## Task directions:
Could you write out, exactly and with no pictures, every line from the one containing "Jupe Midi Satin" through the last line of the entries?

Stored items from a collection
[Start of Attachment]

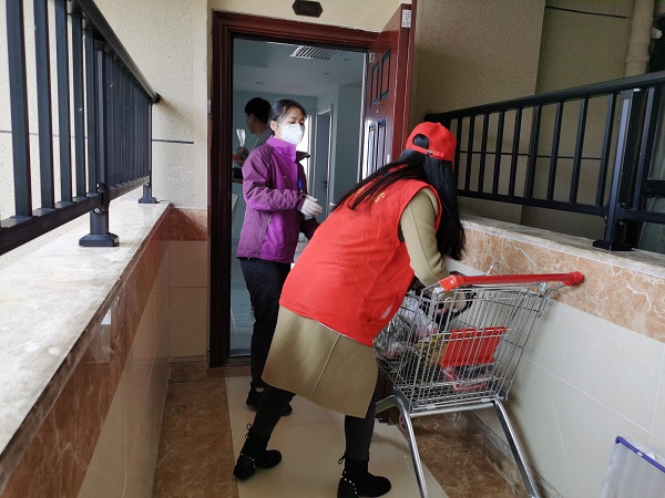 黨員志愿者與物業(yè)工作人員給居家隔離人員送生活物資
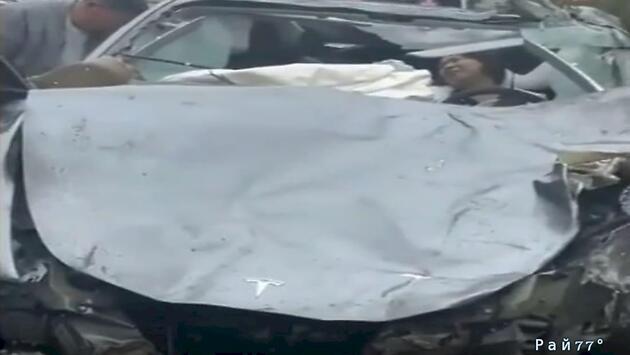 Очевидцы трагедии запечатлели драматичные последствия происшествия и его виновницу вместе с пассажиром, зажатых в искорёженном транспортном средстве.
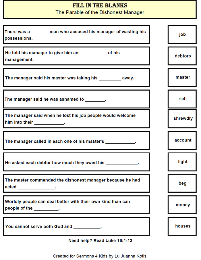 Parable Dishonest Manager Fill In The
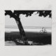 Postcard with black and white photography showing a bicycle on a beach. Taken at Sanur Beach on Bali Island.
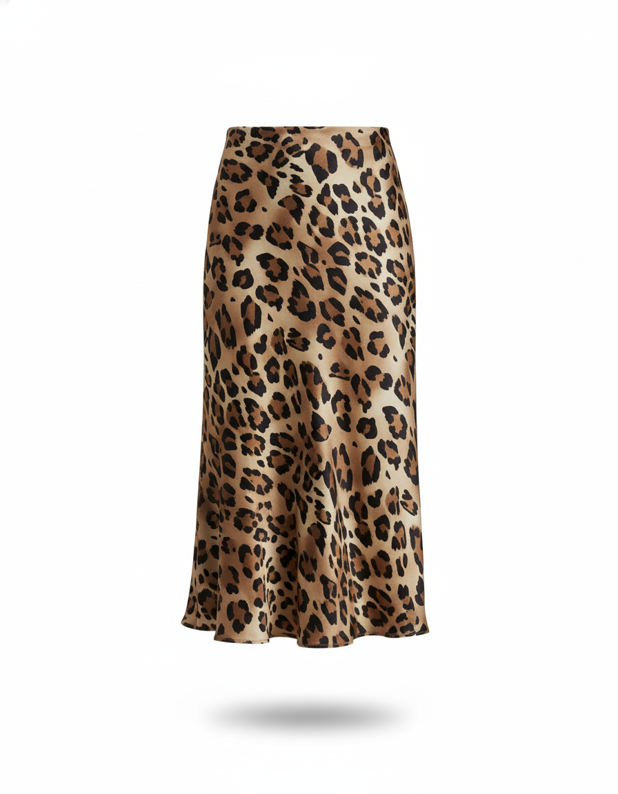 Jupe Midi Satin Léopard Fluide : L'Élégance Audacieuse
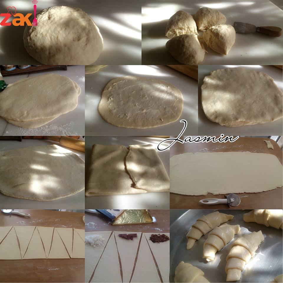 كل قسم من العجينة بنمده بشكل دائرة وبندهن اول دائرة بالزبدة وبنحط عليها القطعة التانية وندهنها بالزبدة وبنكرر التالتة والرابعة وبنمد الطبقات كلهن دائرة واحدة ونلفها بشكل مستطيل وبنسكره بشكل ظرف ونرجع نمدها ونرجع نلفها مجددا ونغلفها بنايلون وبنتركها بالبراد ربع ساعة لتجمد الزبدة فيها (كل ما مديناها ونلفها كل ما طلعت معنا طبقات هشة ومورقة اكتر) انا كررتها مرتين بس

[End of Attachment]

## Exercise output:
 Jupe Midi Satin Léopard Fluide : L'Élégance Audacieuse
 كل قسم من العجينة بنمده بشكل دائرة وبندهن اول دائرة بالزبدة وبنحط عليها القطعة التانية وندهنها بالزبدة وبنكرر التالتة والرابعة وبنمد الطبقات كلهن دائرة واحدة ونلفها بشكل مستطيل وبنسكره بشكل ظرف ونرجع نمدها ونرجع نلفها مجددا ونغلفها بنايلون وبنتركها بالبراد ربع ساعة لتجمد الزبدة فيها (كل ما مديناها ونلفها كل ما طلعت معنا طبقات هشة ومورقة اكتر) انا كررتها مرتين بس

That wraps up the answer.